The giantess grumbled. “I hope we get more than play money.”
“If I allow this rescue,” Inglefras said, “don’t call it ransom. Let’s just call it a reward, which your expectations and demands render vulgar.”
“I’m sorry if freeing you was such an inconvenience,” sneered Eurilda.
“How am I free when I’m now your captive?” said Inglefras. “Unless you’re telling me I can choose to head back to Merculo’s castle?”
“Why would you want that?” asked Khyte.
“I want the choice. There is no difference between being Merculo’s leverage against the Dryad World or your bargaining chip; in either case, I’m cash in hand.”
“S
orry.” Eurilda’s apology was puffed up with scorn and gleeful satisfaction. “Rescue is a freelance business. Cash in hand is better than nothing ahead of us.”
“Where are we heading, anyway?” Khyte asked Eurilda. “Why not make our way to Irutak?”
“They’ll expect us to travel Baugn-back. I know another way.”
Khyte knew one other way to travel between worlds, and did not like the idea. “There are no Alfyrian Ladders in Kreona.”
“You’re right, and you’re wrong,” said Eurilda. “How do Alfyrians send agents to Nahure?”

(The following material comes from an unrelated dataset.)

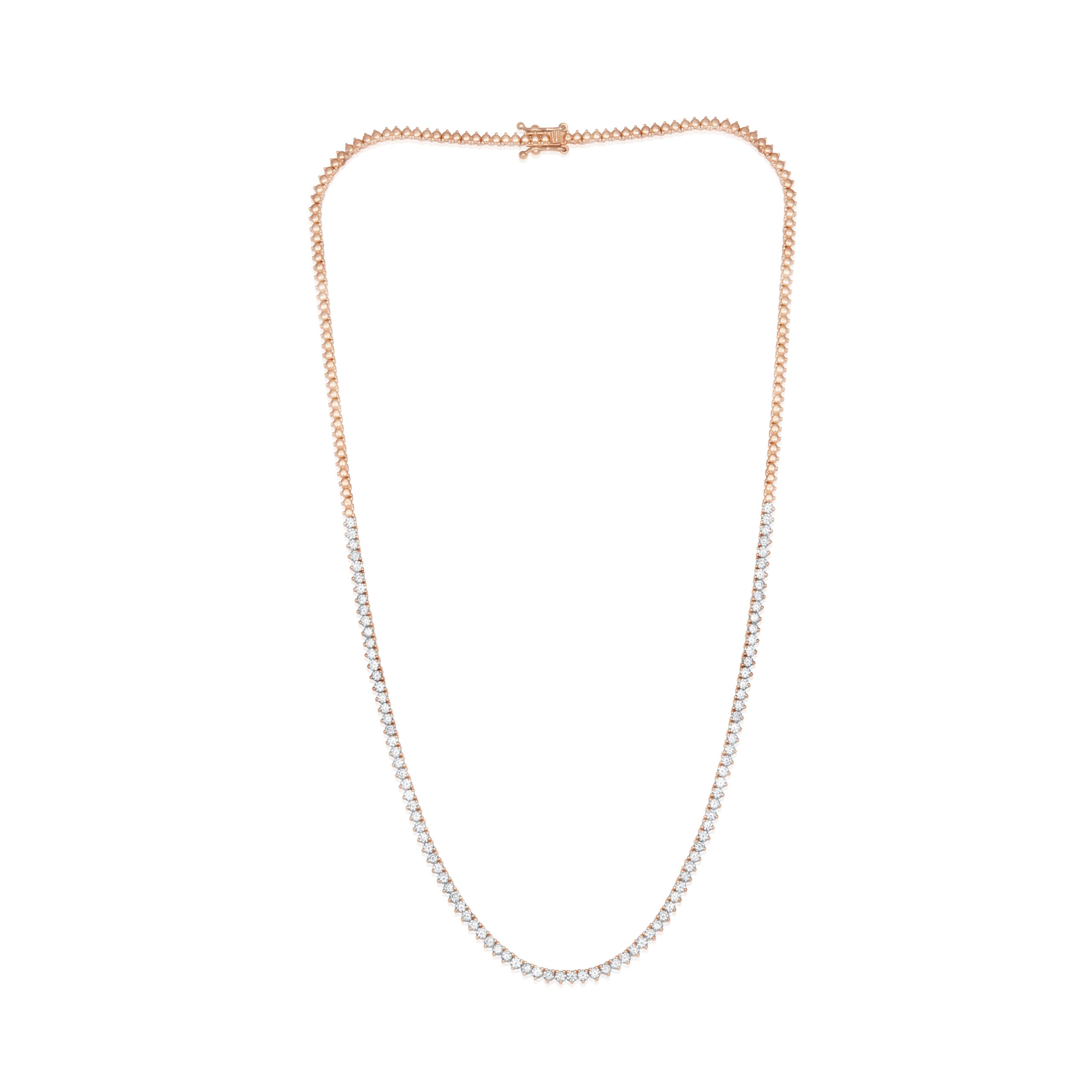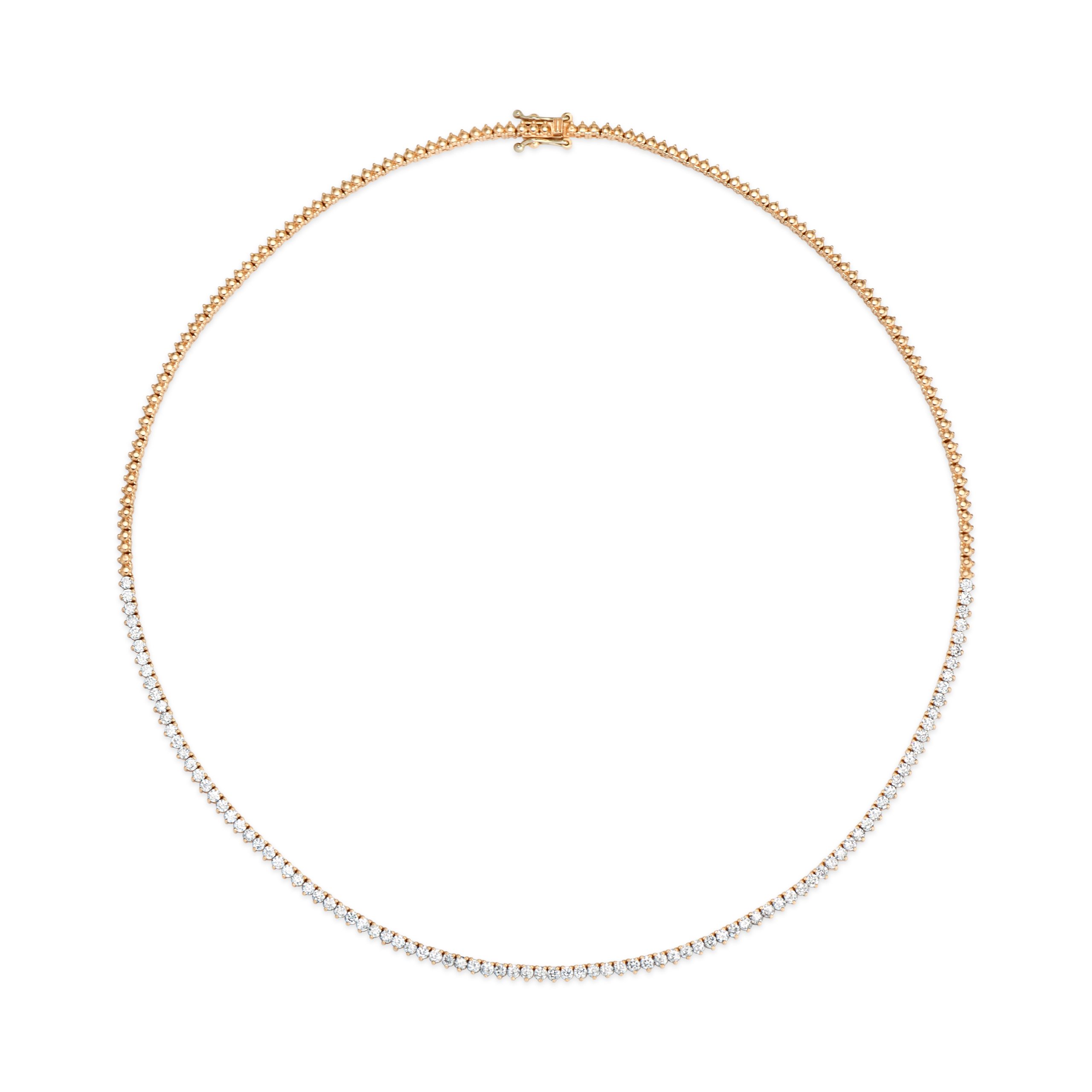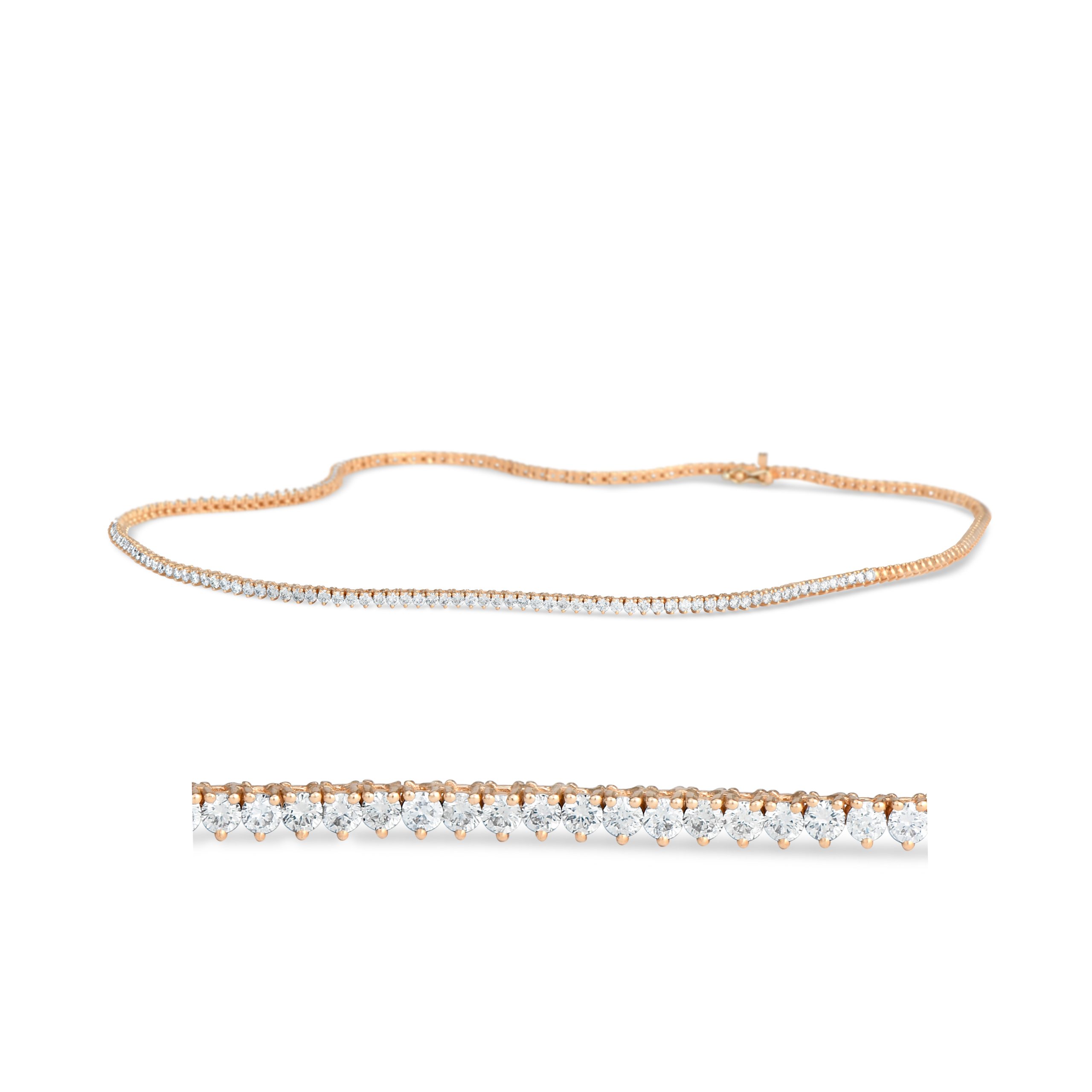שרשרת יוקרתית עשויה זהב ורוד קלאסי בחלקה העליון ומהווה המשך לקטע משובץ יהלומים עגולים לאורך כל החלק התחתון שלה. השילוב בין תחילת השרשרת בזהב חלק ועד לרצועת היופי המלאה ביהלומים יוצר קומפוזיציה של רכות וניגוד מרשים: מעבר הדרגתי של גוון הוורוד אל מצלול הזוהר של היהלומים. המחבר בטיחותי עם כמה עמדות הגדלה מאפשר התאמה מושלמת לכל אורך צוואר.

Never having a reason to consider the movements of spies before this, Khyte replied, “I would assume they travel the safer, intelligent way: by Baugn.”

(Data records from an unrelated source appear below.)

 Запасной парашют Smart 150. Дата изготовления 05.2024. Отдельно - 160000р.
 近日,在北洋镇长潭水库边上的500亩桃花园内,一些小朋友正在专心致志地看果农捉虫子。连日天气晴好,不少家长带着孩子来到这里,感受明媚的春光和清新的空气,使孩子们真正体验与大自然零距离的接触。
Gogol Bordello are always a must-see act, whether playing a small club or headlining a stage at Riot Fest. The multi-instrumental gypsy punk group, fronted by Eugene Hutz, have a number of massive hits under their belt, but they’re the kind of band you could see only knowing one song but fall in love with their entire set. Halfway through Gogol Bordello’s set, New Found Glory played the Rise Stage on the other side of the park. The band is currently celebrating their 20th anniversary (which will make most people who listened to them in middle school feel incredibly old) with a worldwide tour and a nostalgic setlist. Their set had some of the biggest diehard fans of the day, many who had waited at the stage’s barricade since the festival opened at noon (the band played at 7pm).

“That’s too indirect, and too slow.”
“Alfyrian ladders are fast, but I don’t like Alfyrian odds. I can count on one hand the travelers killed by Baugn, while elves send ten messengers by ladder when they want one to reach their destination.”
“That’s not my Khyte,” said Eurilda.
“A giantess taught me caution,” retorted Khyte. “Speaking of pointless lectures, what about the catacombs?”

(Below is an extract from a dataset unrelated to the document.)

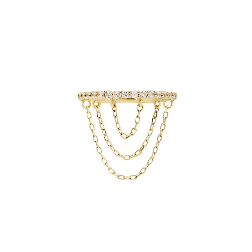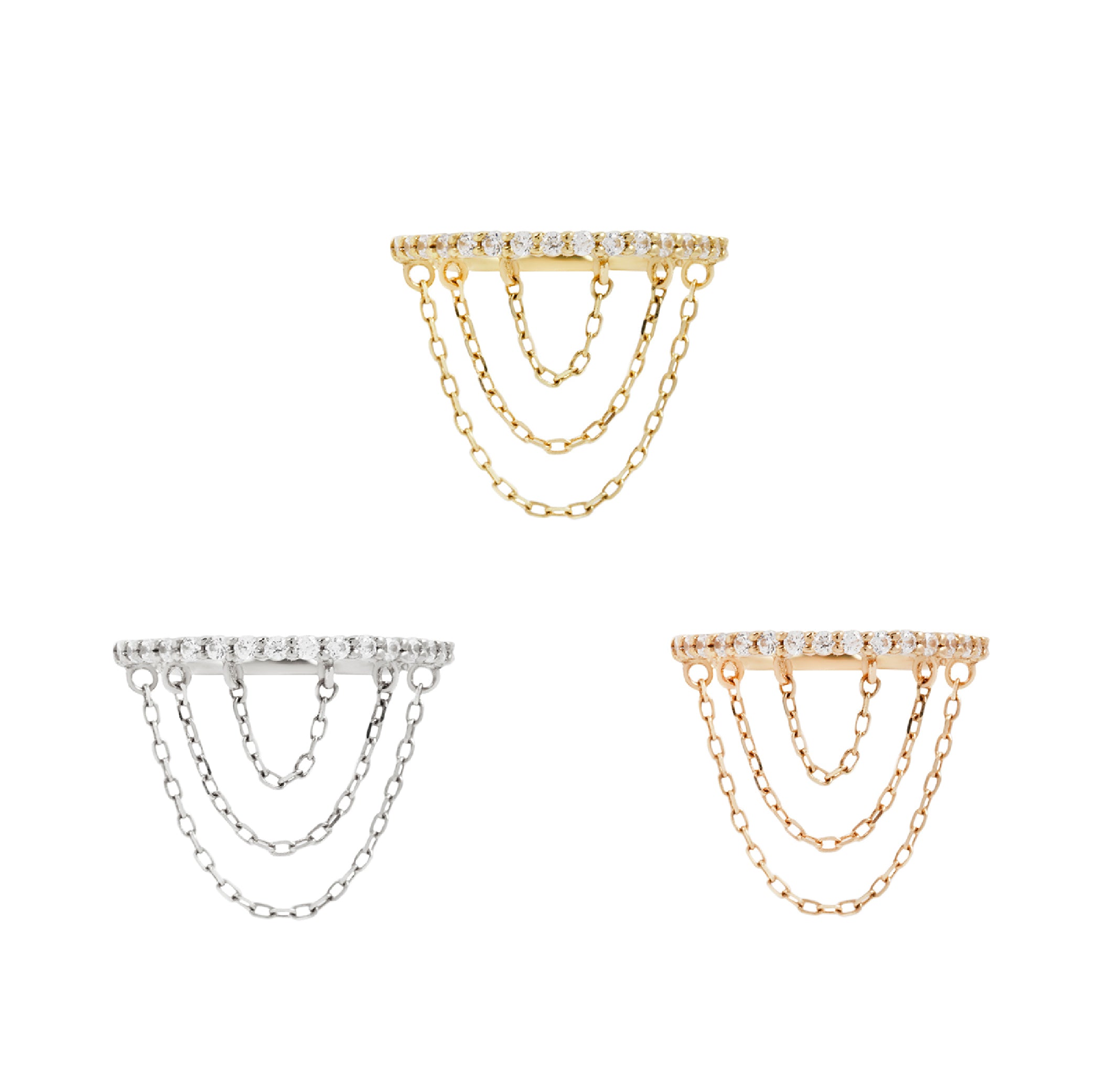 Radiate puts the spotlight on rebels gone chic! Solid 14kt gold with three handmade box chains gives this piece wonderful movement. The clicker has an easy-hinged clasp to make inserting a breeze!

“While that was once our best plan, you trusted to dumb luck and brute strength.”
In the distance, a confused mass of stone and glass shot upward to a dizzying height from the one-story goblin city, and between it and them was a barrier formed by agricultural businesses. While they reeked of offal and manure, Khyte soon realized they were pushed near this bizarre architectural eyesore because they too offended the aesthetic sensibilities of tourists and goblin lords.
Not that the kennels were that unsightly, although the utreboq, which goblins domesticated as guards and for companionship, compared unfavorably to the hounds and cats of his world. They were not unlike cuddly cockroaches, with furry bodies resting on six spindly legs that scurried any direction they wanted, as if they moved on rollers, and kittens’ heads topping gangly necks that spun full circle, so that even their owners had a hard time telling back from front.
While the kembir were only slightly more grotesque than the boars of Hravak, they produced manure as if they were paid to do it, and the signs of their industry were swept in gargantuan heaps, aside from the muck splattered in the steet.